Titel: Totenwache Kostenlos Bücher Online Lesen
Autoren: Anna Jansson
Vom Netzwerk:
eigenartig, wenn man die Kameraden auf einem Foto nicht wiedererkennt?«, wunderte sich Hartman.
    »Seit der Zeit sind zwanzig Jahre vergangen«, gab Maria zu bedenken und wischte nachdenklich den Schaum von ihrem Bier.
    »Ich konnte sehen, dass das Bild im Album Mårten Norman darstellte, obwohl das Foto zwanzig Jahre älter ist als der Ausweis, den er in der Jackentasche in dem Fischerschuppen hatte. Außerdem ist er auf mehreren Fotos zu sehen. Es sieht aus, als ob Clarence, Mårten und Odd Freunde waren. Wir werden ihn morgen dazu befragen. Würdest du auf den Fotos Mayonnaise wiederfinden können?«
    »Ich wäre froh, wenn ich das nicht müsste. Ich sehe ihn sowieso viel zu oft. Er wohnt praktisch bei uns und würde sicher Kopf bei Fuß mit Krister in meinem Bett liegen, wenn ich für die Nacht nicht das Bootshaus empfohlen hätte. Mayonnaises Frau hat ihn rausgeschmissen, deshalb schlafen Krister und Mayonnaise heute Nacht draußen.« Hartman sah ein wenig nachdenklich aus, sagte aber nichts.

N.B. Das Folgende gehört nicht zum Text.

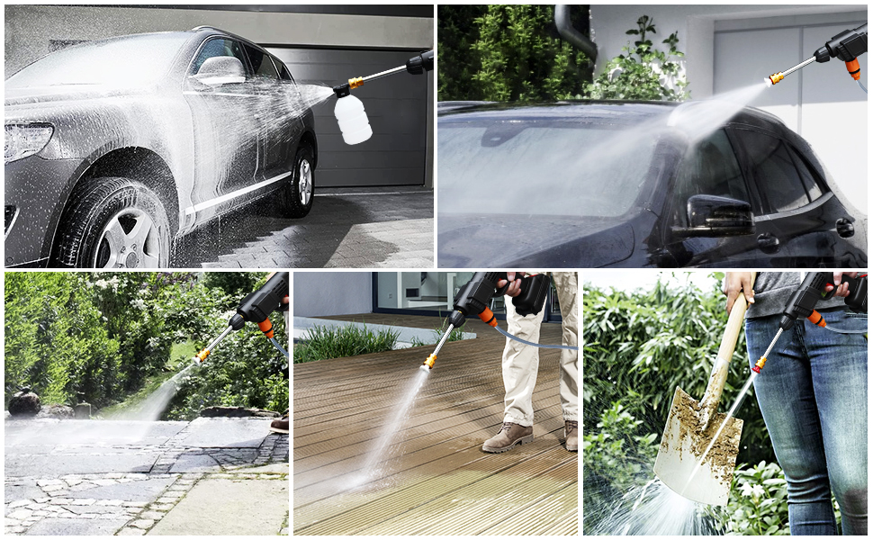 - MULTIPLE-FUNCTIONS AND APPLICATION - Cleaning and maintenance of various motor vehicles and agricultural machinery supporting products. Our pressure washer gun is effective especially for cleaning the exterior walls of buildings, floors, baths, swimming pools, doors and windows, and corners that are difficult to clean manually. It is the best pressure washer machine for outdoor camping and long trips.
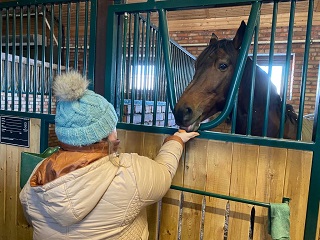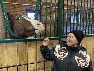 «Я очарована конем по кличке Коломбо, такие в нем величие и стать! Это представитель голландской теплокровной породы серой масти. Почему-то именно к нему я почувствовала какое-то особое притяжение, какое-то единение. Такие умные глаза, кажется смотрит прямо в душу! Вообще от сегодняшней встречи с лошадьми у меня такой душевный подъем! Так хочется творить, запечатлеть свои эмоции на бумаге, - восхищалась проживающая дома-интерната, художница Марина Кочеткова, - в голове рождаются новые образы и идеи!». После автомобильной аварии, оказавшись в инвалидном кресле, Марина заново открыла себя в живописи. Талантливая женщина работает в различной технике: живопись, карандаш, шерсть. Выставки ее творчества украшают холлы главного корпуса Энгельсского дома-интерната и оздоровительного центра «Гармония». Как отмечает художница, ей всегда нравилось рисовать животных. Одной из ее любимых созданных картин является «Конь и снег». Теперь эта тема вновь станет актуальной в ее творчестве.

    Mit einem Handtuch um den Hosenbund und einem über der Schulter schnitt Ek das Steak auf, dabei lächelte er ebenso stolz wie der Besitzer der Goldenen Traube, wenn er das Rinderfilet nach Art des Hauses tranchierte. Der Unterschied war lediglich, dass Eks Kreation flambiert war, reell flambiert bis an die Grenze der Unkenntlichkeit. Arvidsson starrte wie hypnotisiert auf sein kohlrabenschwarzes Stück, das innen rot und blutig war.
    »Noch ein Argument, um Vegetarier zu werden«, stellte er fest und nahm eine ordentlich Portion vom Kartoffelgratin. Maria stocherte ebenfalls in ihrem Stück in der Hoffnung, einen kleinen essbaren Streifen zwischen dem Schwarzen und dem Roten zu finden.
    »Souveräne Mahlzeit«, strahlte Jesper Ek, stopfte sich ein ordentliches Stück in den Mund und spülte mit einem großen Schluck Bier nach. »Das ist schwedisches Fleisch, ihr braucht also keine Angst vor Magenbeschwerden zu haben! Ich habe das Lamm von meinem Bruder Arne als Geburtstagsgeschenk bekommen. Sie hieß Berta. Als kleines Lamm verlor sie ihre Mutter, da hat Arne sie mit der Flasche großgezogen. Berta gehörte richtig zur Familie. Sie schlief neben seinem Bett und weckte ihn morgens mit ihrem Geblök. Sie lief Arne überallhin nach. Er hat geweint, als er sie geschlachtet hat. Niemals hätte er ein Stück von diesem Fleisch heruntergekriegt«, erzählte Ek und sah sich mit Tränen in den Augen um. Hartman schmuggelte sein Stück Fleisch in die Serviette und nahm eine so große Portion Salat, dass seine Frau sich sehr gewundert hätte.

    Es war erstaunlich, wie ein so von sich eingenommener Mann wie Örjan Himberg nach nur einigen Gläsern Bier zu einem schluchzenden Weichling, um nicht zu sagen mentalen Exhibitionisten werden konnte. Alle intimen Details seines Ehelebens legte er uneingeschränkt auf den Tisch. Weil keiner sich seine Gewissensqualen anhören wollte, wurde es an seiner Ecke des Tisches immer leerer.
    »Ich leg mich auf sie drauf und rutsch wieder runter, und sie fühlt nichts, empfindet absolut nichts. Kannst du das verstehen, Arvidsson? Ist meiner zu klein, was meinst du?«, fragte Örjan Himberg und fasste sich nachdenklich an den Schritt seiner weißen Gabardinehose, während er sich über die beiden leeren Stühle lehnte, die zwischen ihm und Arvidsson standen. »Was meinst du? Du musst ihn doch in der Sauna gesehen haben. Ist er zu kurz?«
    »Ich glaube, ich werde Ek mal beim Abwaschen helfen.« Arvidsson stand mühselig auf und stellte seinen Stuhl zur Verfügung. »Hier kann man sein Bier ja nicht genießen.«
    Am Tisch zurück blieben Maria und Erika, nachdem alle Herren sich in einem seit Menschengedenken einmaligen Reinlichkeitswahn zum Abwaschen zurückgezogen hatten. Vielleicht waren Frauen toleranter, wenn es um emotionale Themen ging.
    »Was meinst du, Erika?«, wiederholte Himberg, während er sich über die drei leeren Stühle lehnte, die jetzt die Distanzierung der anderen verdeutlichten. »Sussi sagt zu den Leuten, dass dieses Gerede über Sex viel zu ernst genommen wird. Ich habe gehört, wie sie das dem Mann erzählt hat, der die Stromzähler abliest.«
    »Lass es mich mal so ausdrücken: Ob ein Konzert einem gefällt, liegt nicht an der Größe des Taktstockes. Es geht darum, die richtigen Saiten zu streichen, um die Harmonie und das Einfühlungsvermögen.«
    »Ich begreife gar nichts! Was hat denn das mit Sussi zu tun?«, gestand Himberg.